Mohammad Majid Akhtar (School of Computer Science and Engineering, University of New South Wales, Sydney, Australia), Rahat Masood (School of Computer Science and Engineering, University of New South Wales, Sydney, Australia), Muhammad Ikram (School of Computing, Macquarie University, Sydney, Australia), Salil S. Kanhere (School of Computer Science and Engineering, University of New South Wales, Sydney, Australia)

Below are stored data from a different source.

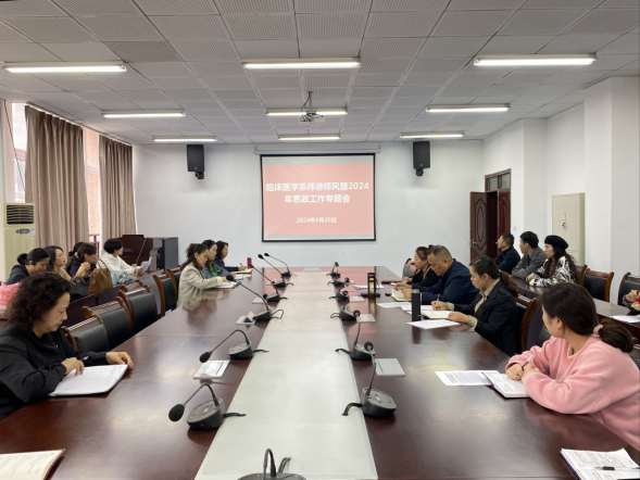 强国必先强教,强教必先强师。为深刻学习领会习近平总书记关于教育的重要论述,进一步加强师德师风与思政工作建设。2024年9月20日,临床系在系C202会议室举行师德师风暨2024年思政工作专题会,临床系党总支书记陈晓玉主持会议,全体教职工参加会议。
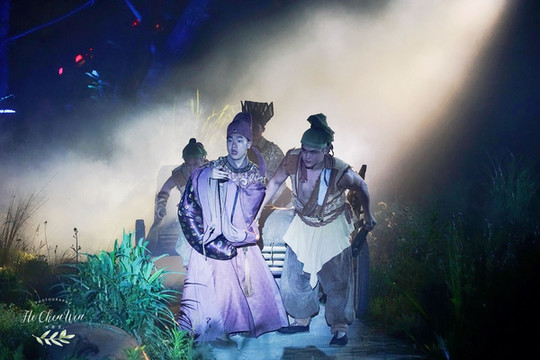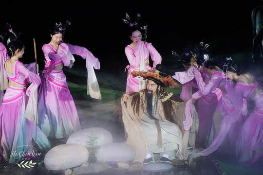《江清月近人》整台演出为环岛行进的沉浸式演出,由“江、清、月、近、人”五个演区,构成一台串珠分布而又相互关联的完整实景演出。
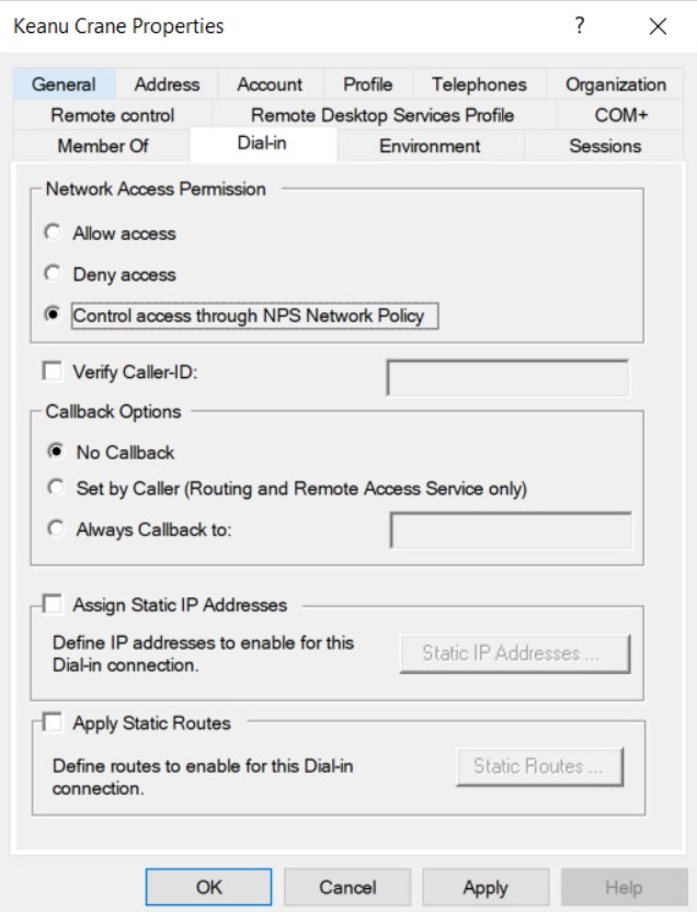 Use Case: This setting determines whether the user can access the network remotely. In organizations that require secure access, it’s common to use NPS policies to enforce remote access rules based on group memberships, device health checks, and other criteria.
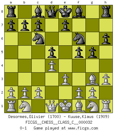 Last move : 0-1 2007 April 21 12:0:23 [Event "FICGS__CHESS__CLASS_C__000032"] [Site "FICGS"] [Date "2007.03.03"] [Round "1"] [White "Desormes,Olivier"] [Black "Kuuse,Klaus"] [Result "0-1"] [WhiteElo "1700"] [BlackElo "1909"] 1.d4 f5 2.Bg5 h6 3.Bh4 g5 4.Bg3 Nf6 5.e3 d5 6.h3 Nc6 0-1 This chess game has been lost on time (started : 2007.03.03 12:43:54) Dutch, 2.Bg5 variation Player Black won this chess game. Follow this game move after move (download)By the beauty of his games, the clarity of his play, and the brilliance of his ideas, Fischer made himself an artist of the same stature as Brahms, Rembrandt, and Shakespeare. (David Levy) Mein Name ist Rustam Kamsky. Sie haben meinen Sohn belästigt. Bereiten Sie sich aufs Sterben vor. (Rustam Kamsky) Yo considero que Fischer es uno de los expertos mas grandes de aperturas de siempre. (Keith Hayward) Toute estimation doit être constamment réévaluée. (Jacob Estrin) Tree pose grows confidence. It roots me to this world. (Terri Guillemets)

Malicious actors on online social networks (OSNs) use script-controlled social bots that engage users through replies or comments. These bots are programmed to activate only when specific trigger keywords appear in posts. We refer to such advanced context-aware campaigners as trigger bot (TB) agents, which aim to deceive users into making payments for illicit products or revealing sensitive financial credentials. This paper presents a systematic and data-driven study on the detection and characterization of TB agents. We introduce TBTrackerX, a novel framework designed to collect and analyze TB activity. Using this system, we captured 4,452 TB agent replies from 2,647 unique TB agents, targeting our honeytrap account, and uncovered interactions with over 84K users on X. Our results show that TB agents evade detection by using contextually similar replies (with similarity scores up to 0.97), exhibiting intermittent posting patterns (in bursts ranging from 15 seconds to 5 minutes), and adopting dormant behavior after peak campaign activity. Furthermore, we identify a coordinated TB ecosystem, characterized by fake TB followers and shared TB masters. This study underscores the pressing need for better moderation and detection mechanisms to combat these sophisticated forms of social media manipulation.